* [How to complete this task]: Write out again the lines from the line with "Ο βασιλιάς Κάρολος" up to and including the line with "Dimmable pendant energy", exactly as they stand below, and skip any picture.

* [Entries shown]:

=-=-=-=-=

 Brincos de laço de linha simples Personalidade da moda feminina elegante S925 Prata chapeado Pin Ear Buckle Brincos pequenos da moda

=-=-=-=-=

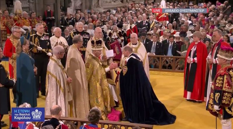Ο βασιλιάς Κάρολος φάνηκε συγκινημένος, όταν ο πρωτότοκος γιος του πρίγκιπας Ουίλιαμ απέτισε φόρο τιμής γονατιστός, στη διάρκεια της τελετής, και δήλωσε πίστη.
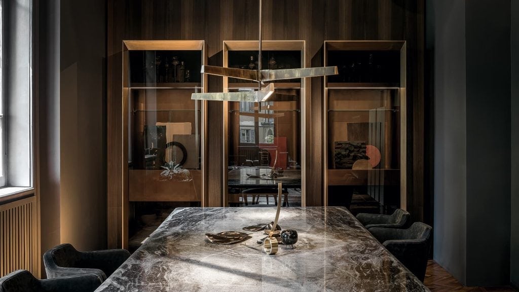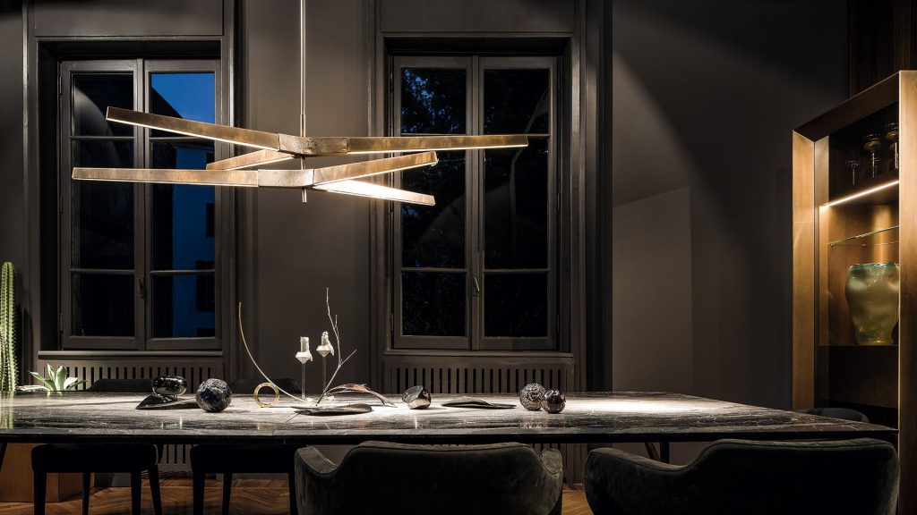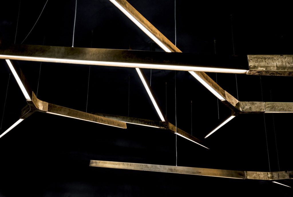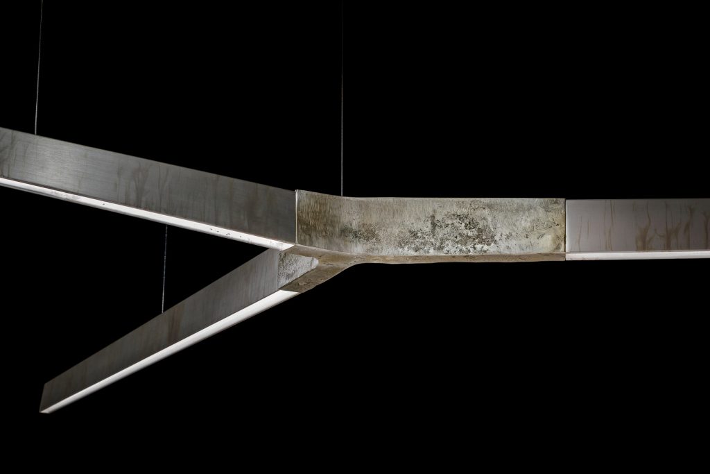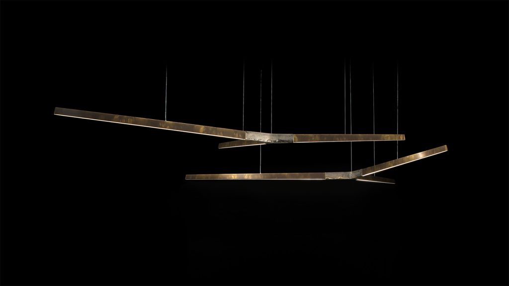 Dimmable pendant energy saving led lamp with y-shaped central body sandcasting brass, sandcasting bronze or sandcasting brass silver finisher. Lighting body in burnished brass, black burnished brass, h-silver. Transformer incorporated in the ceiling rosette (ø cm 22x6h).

=-=-=-=-=

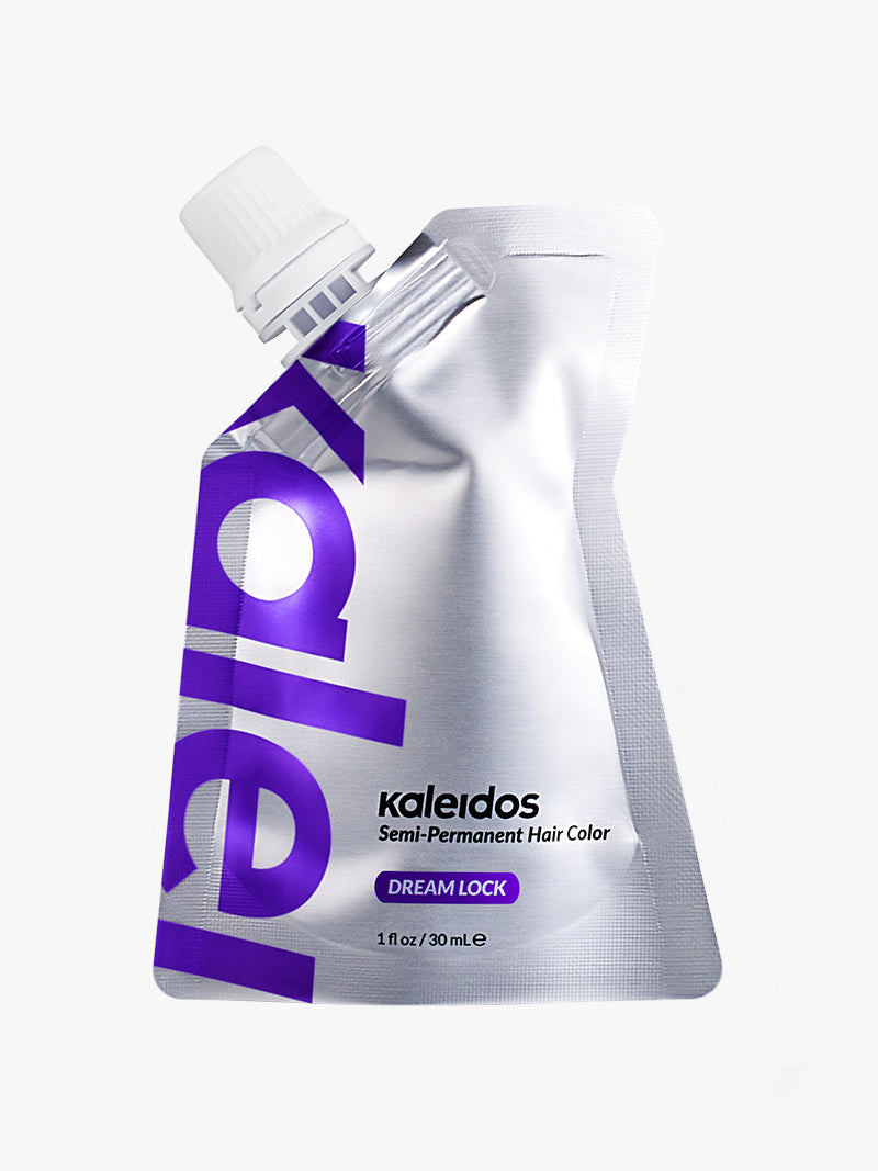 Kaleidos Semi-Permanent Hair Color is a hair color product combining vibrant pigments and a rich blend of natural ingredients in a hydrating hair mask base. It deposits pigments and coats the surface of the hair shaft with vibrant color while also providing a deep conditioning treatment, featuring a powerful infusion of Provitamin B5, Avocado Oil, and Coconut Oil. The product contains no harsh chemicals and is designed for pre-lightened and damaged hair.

=-=-=-=-=

* [Task solution]:
Ο βασιλιάς Κάρολος φάνηκε συγκινημένος, όταν ο πρωτότοκος γιος του πρίγκιπας Ουίλιαμ απέτισε φόρο τιμής γονατιστός, στη διάρκεια της τελετής, και δήλωσε πίστη.
 Dimmable pendant energy saving led lamp with y-shaped central body sandcasting brass, sandcasting bronze or sandcasting brass silver finisher. Lighting body in burnished brass, black burnished brass, h-silver. Transformer incorporated in the ceiling rosette (ø cm 22x6h).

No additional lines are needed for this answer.